I suspect a full answer is improbable, but to offer a fragment:
He took the Macro 10 Assembler and defined macro, so we could just
type in sort of a form of 8080 code. Then he modified the DDT-10, the
symbolic debugger that was on the 10, to understand these
instructions. He then wrote a simulator to simulate these
instructions.
...
And, because we'd never had the chip, just the book from Intel, if we had made any mistake in terms of how the instructions worked, the thing never would have run. [...] Paul was scheduled to fly out to Albuquerque. He decided to go get some sleep. I stayed up all night reading the book to see if we'd miscoded some of the instructions. And finally, decided it was all okay, punch out the paper tape, and made sure Paul got that before he went off on his plane.

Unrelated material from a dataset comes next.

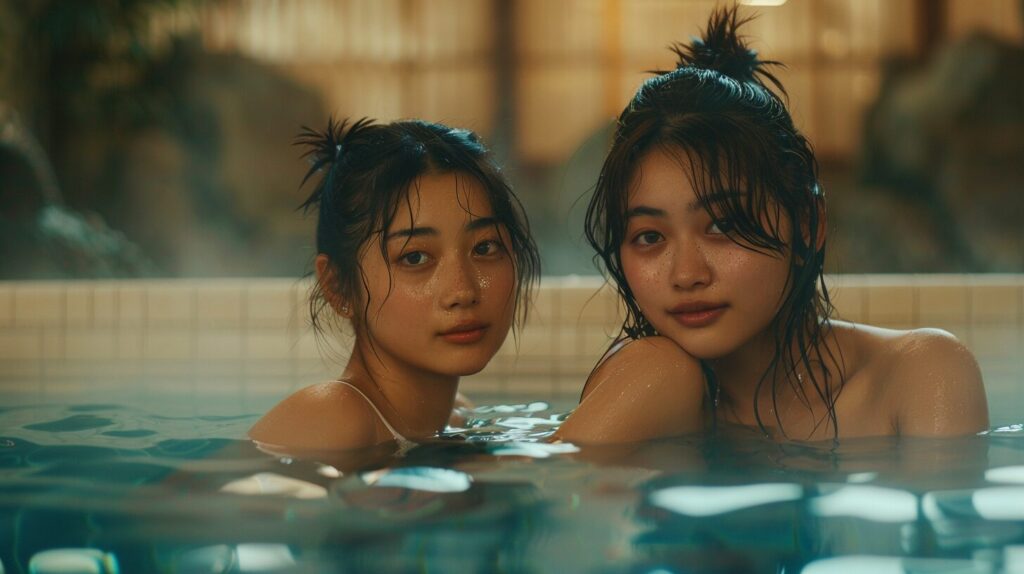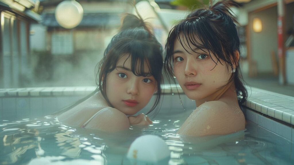 使用したプロンプトはこちら▼ <prompt> Used,Secondhand,Pre-owned,Previously owned,Refurbished,Stereotypical picture quality, two young Japanese women, Enjoying the hot spring, looking at us, with enraptured eyes, as if enjoying a double date, in the city,16:9 photographic style --ar 16:9

So as to your first question of how, it sounds like the simulator may actually have been, or have started as, a static recompiler — they not just wrangled 8080-esque syntax via macro, but also ensured that the symbolic debugger could "understand these instructions". I cannot make sense of attaching a machine's native debugger and teaching it to understand macro-sourced compounds as anything other than static recompilation.
I am further assuming that since it is documented that the 8080 simulator is a code adaptation of the 8008 simulator, Gates is speaking in aggregate.

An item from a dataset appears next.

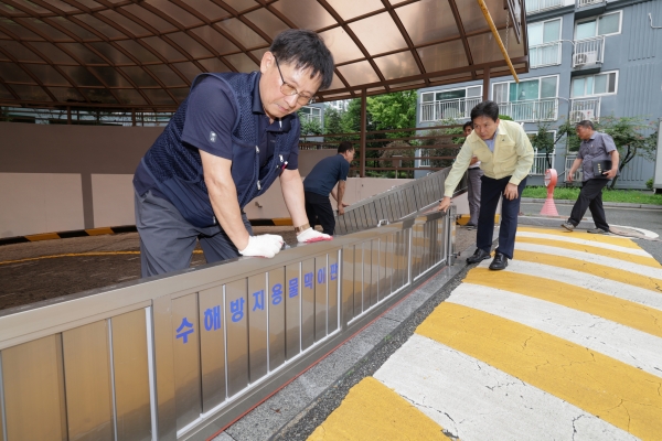 이후 물막이판 설치공사가 완료된 산남동 아파트단지 지하주차장과 영운동 반지하주택을 찾아 침수방지시설 설치 상태와 이상 유무를 점검하며 관계 공무원들의 철저한 호우피해 예방 대처를 주문했다.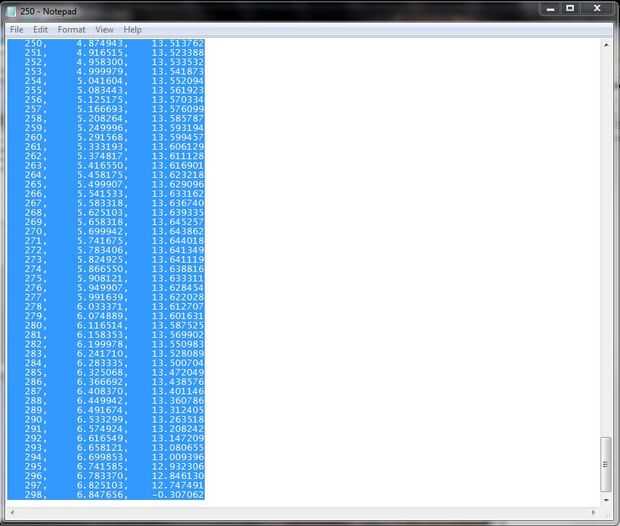 La primera cosa a hacer es abrir el archivo de datos de texto en Bloc de notas. Una vez finalizado esto, seleccione los datos que desea utilizar, ya sea arrastrando el cursor sobre los datos deseados, o colocando el cursor al principio de la selección y luego sosteniendo "Shift" y haciendo clic en el final de la selección.

Given that a simulator is then mentioned as a third step I'd dare imagine it went:
- macros to provided 8008-esque syntax, assembling into sets of instructions that simulate 8008 behaviour;
- adapt the debugger to understand that;
- start coding the intended product, using tools developed so far to try to get correct code;
- simultaneously write a simulator, little more than a fetch-dispatch lookup loop;
- use that as a way to verify real 8008 bytecode, once you're at the stage of taking your correct code and ensuring that it is efficient for time and space.
As to testing correctness, it sounds like all they had was the official documentation from Intel. Luckily Intel documentation of the era tended to be reasonably complete and accurate as far as it went. Likely they just declined to try to use any functionality that wasn't sufficiently well specified. That specific quote is about the Altair 8080 BASIC rather than the 8008 so one can at most speculate a similar process: build the software from the official documentation, test as and when a real opportunity arises but due to resource availability, not until very late.